Jørn Åleskjær (The Loch Ness Mouse, Monobird, Sapphire & Steel) and Sebastian Voss (Nah…, The Fisherman and his Soul, Cinema Engines) have teamed up for some cross-cultural, Google-translatable Christmas tunes. I speak ein bisschen Deutsch, and no Norweigain, but I do speak indiepop and this is some lovely stuff. I’ve featured The Fisherman and his Soul multiple times here on Christmas Underground, so I knew there would be something here I was likely to really connect with. Perhaps it is my faint familiarity with the language that draws me to the German-language tracks, but I have to take special note of “Und sie tanzen I’m Himmel,” which translates to “And they dance in the sky.” I’m going to continue to utilize Google translate, so please give me some grace should Google screw it up a bit – but I loved these sweet lyrics.

can you remember?
It’s been a few years…
We looked up at the sky and
Then you said to me:

“I know a secret
And I’m happy to let you in on it.”
And I nodded, agreed, and suddenly it started snowing.

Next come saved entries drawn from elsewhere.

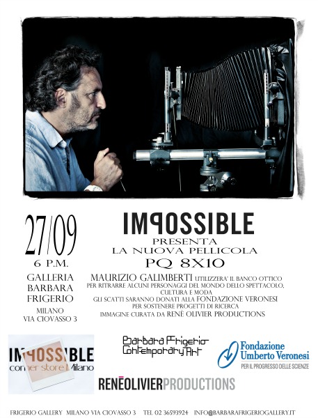 Giovedì 27 settembre alle ore 18 presso l'Impossible Corner di Milano verrà presentata al pubblico la nuova pellicola Impossible, la PQ 8x10, una pellicola istantanea di grandi dimensioni, 20x25 cm circa, in bianco e nero, che farà rivivere o scoprire al pubblico il fascino di questo leggendario formato, utilizzato dal banco ottico.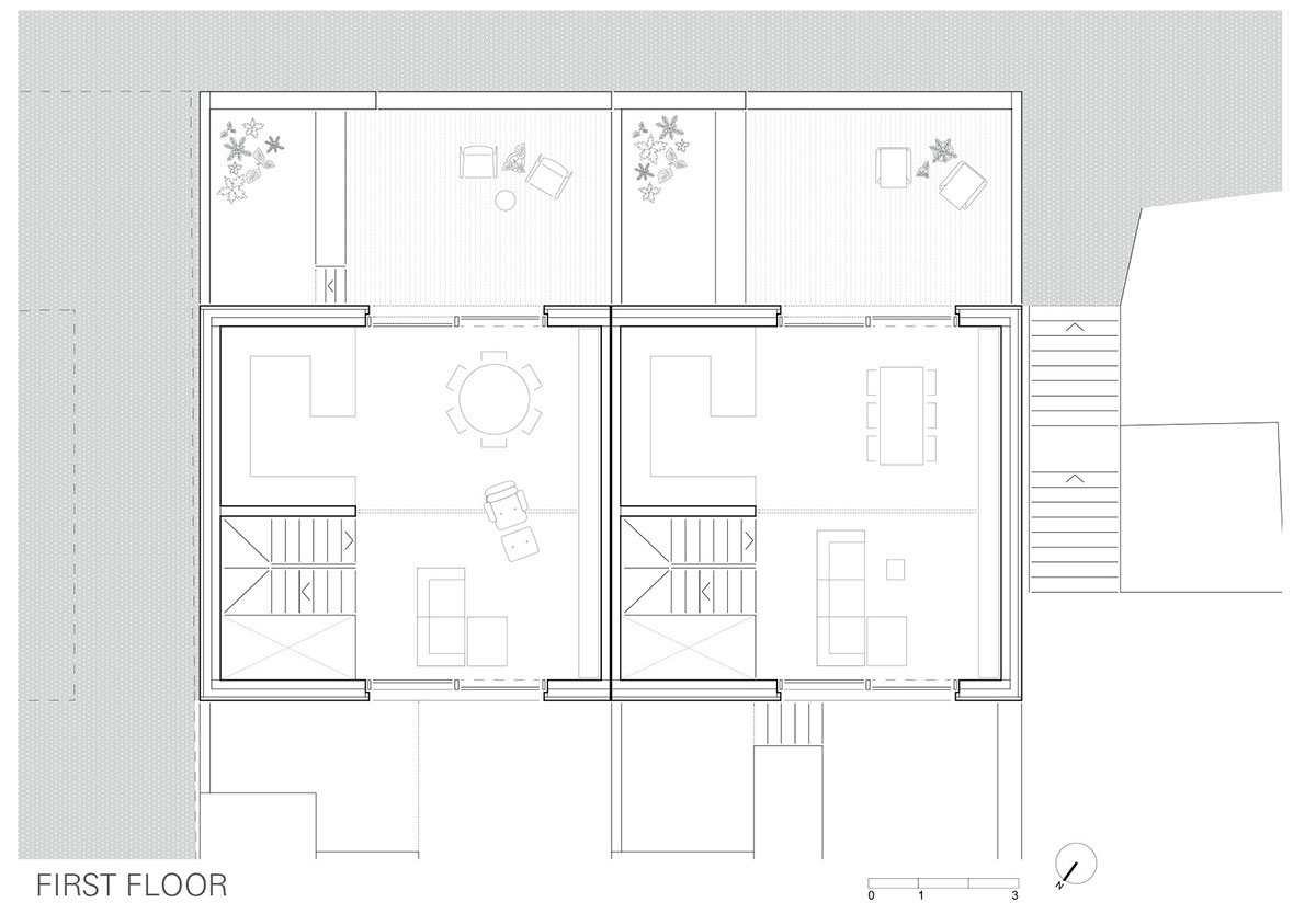 From the street, both parts of the semi-detached house appear like identical twins: small front gardens, floor-to-ceiling large window openings, recesses for entrance loggias on the first floor and small terraces on the top floor, plus the joint pattern of the precast concrete elements. The industrial character of the prefabrication is emphasized by the lattice balustrades in front of the French windows and terraces. All of this follows the gradient of the street, the joints of the respective building components blend finely into the system and bear witness to the careful detailed planning.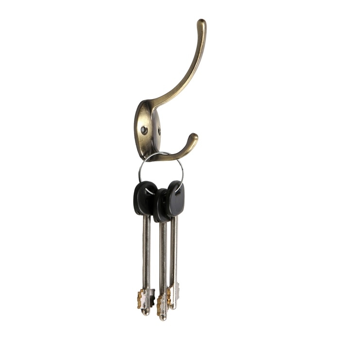 Крючок мебельный ТУНДРА TKD012, двухрожковый, бронза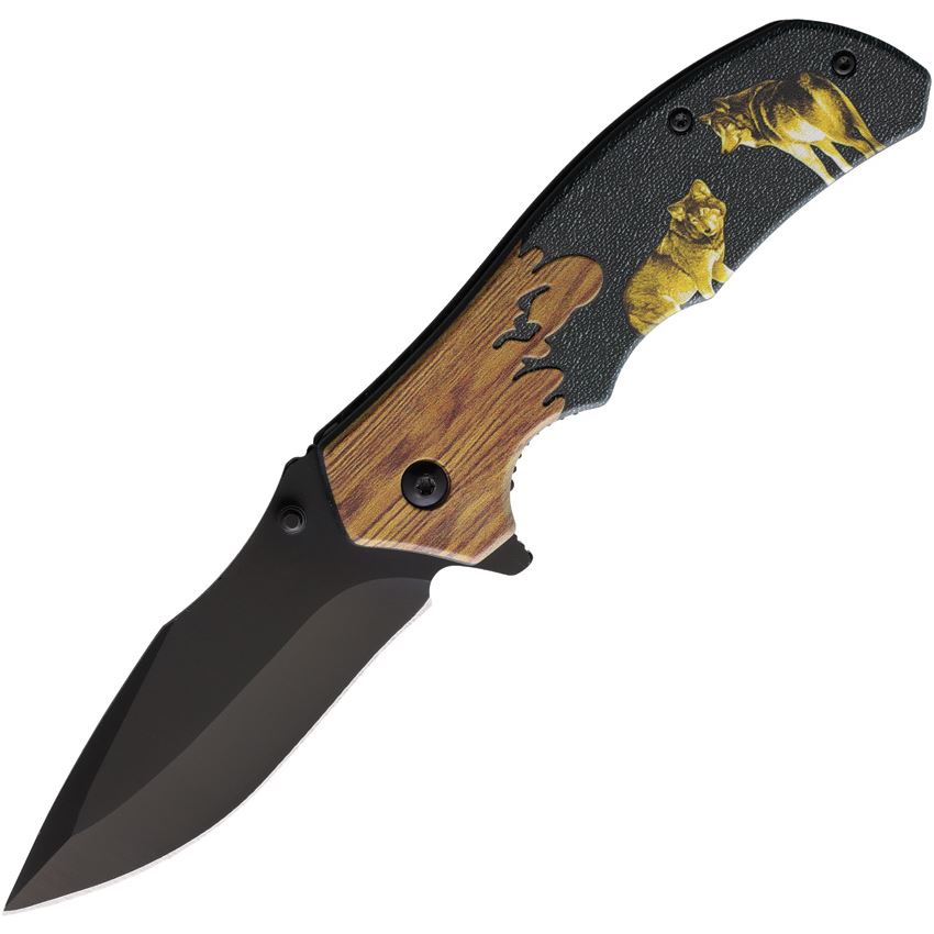 Model/Item/Part - EE10A47WF. ElitEdge - Wolf Assist Open Linerlock Knife Black Handles. Assisted opening. 4.75" (12.07cm) closed. 3.5" (8.89cm) black finish 420C stainless blade. ABS handle. Thumb stud. Extended tang. Pocket clip. Wolf handle artwork. Boxed. Made in China.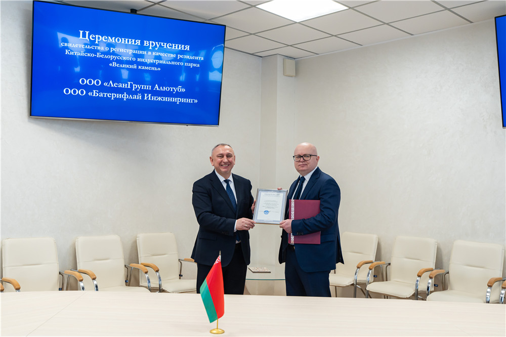 1月29日,中白工業(yè)園舉行入園儀式,列安鋁管集團(tuán)有限責(zé)任公司、充電站工程有限責(zé)任公司及初創(chuàng)企業(yè)迪來科技有限責(zé)任公司入駐園區(qū),園區(qū)管委會(huì)主任亞羅申科與列安公司總...202401-29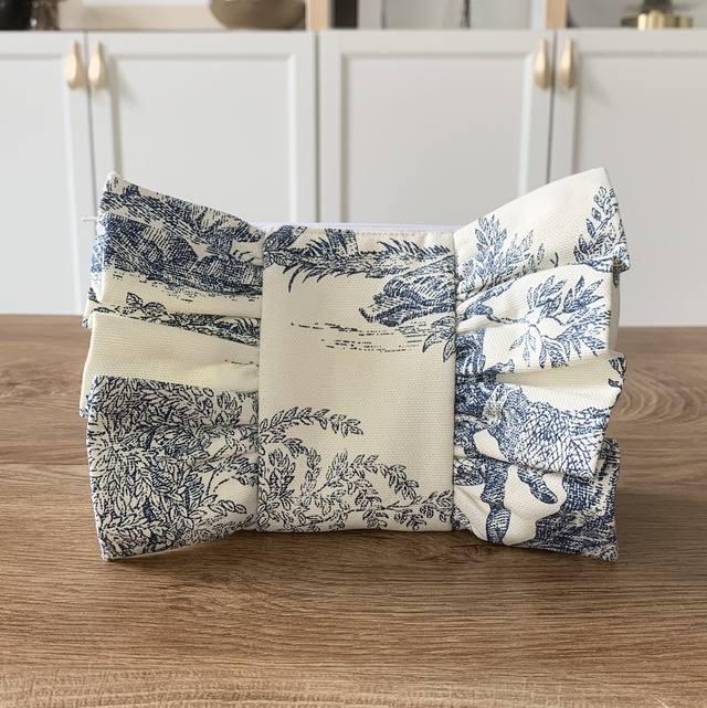 Élégante et pratique, cette petite trousse en toile de Jouy bleue séduit par ses deux volants raffinés et sa finition entièrement doublée. Dotée d’une fermeture éclair solide, elle est idéale pour ranger maquillage, accessoires ou petits essentiels du quotidien avec style.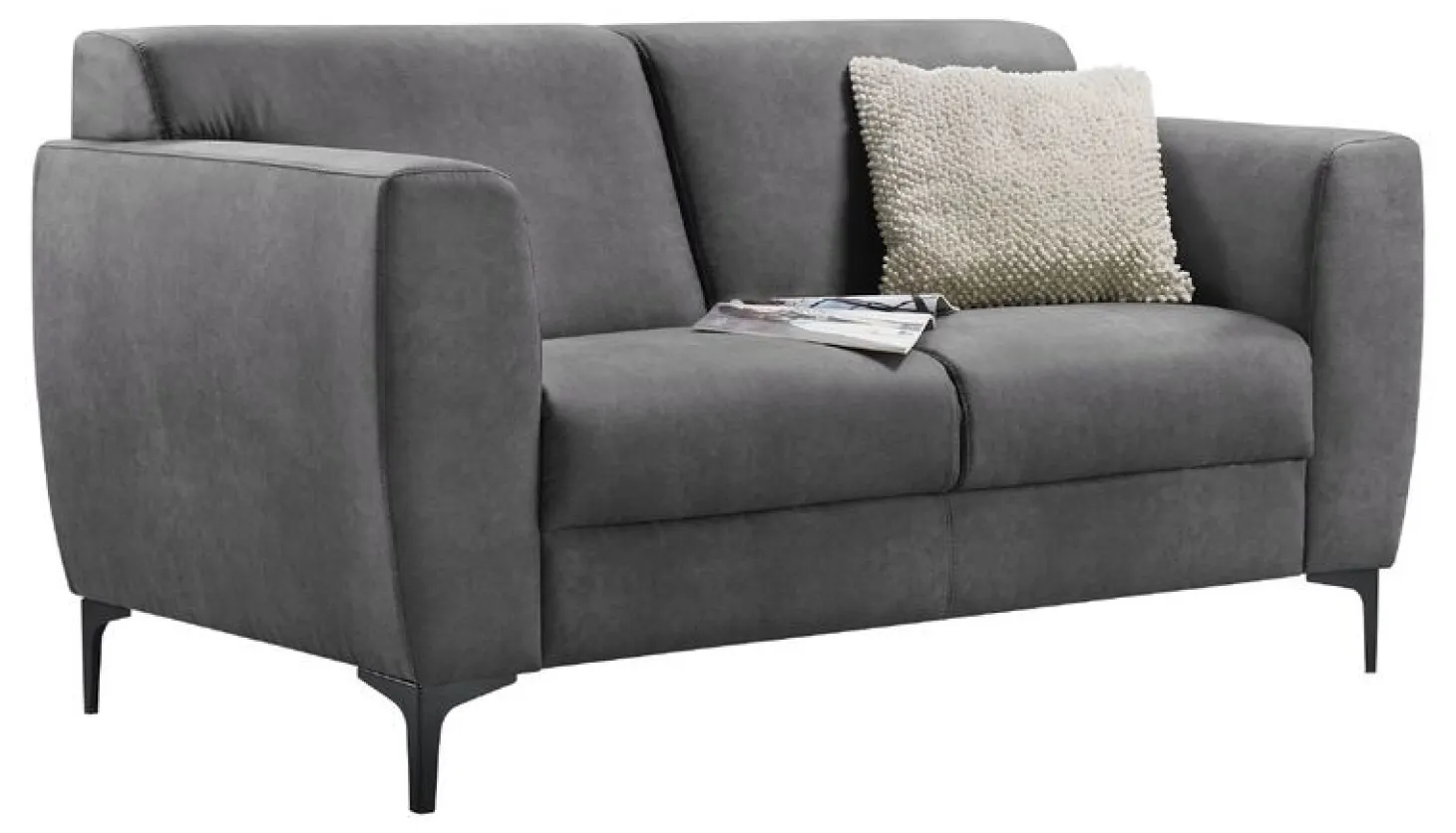 De banken zijn uitgevoerd in een donkergrijze microvezelstof. Deze stof met luxe uitstraling is opgebouwd uit synthetische vezels, waardoor deze erg sterk is. Desondanks voelt hij erg zacht aan. Bovendien is de stof makkelijk in onderhoud, en erg geschikt voor intensief gebruik. De zwarte metalen poten voegen een vleugje elegantie en duurzaamheid toe aan het geheel.

“Exactly! Here, that’s the point.” You said in a low voice.
“Every single flake is a little dancer.
And up there in the sky they dance day in and day out. And when they feel like it, it starts to snow.”

And they dance in the sky

The track also had that mid-tempo, jangly indiepop groove that I need at least every 3-6 months to survive, so that certainly plays into my love of this track as well. There are wonderful moments in the other songs as well, little choices like the beautiful banjo in “Domino,” and the sweetness of the leadoff track, “You’ve Come A Very Long Way (For Being Such A Close Friend),” are undeniable.

Bottom Line: There is a lot to love in a tiny little EP.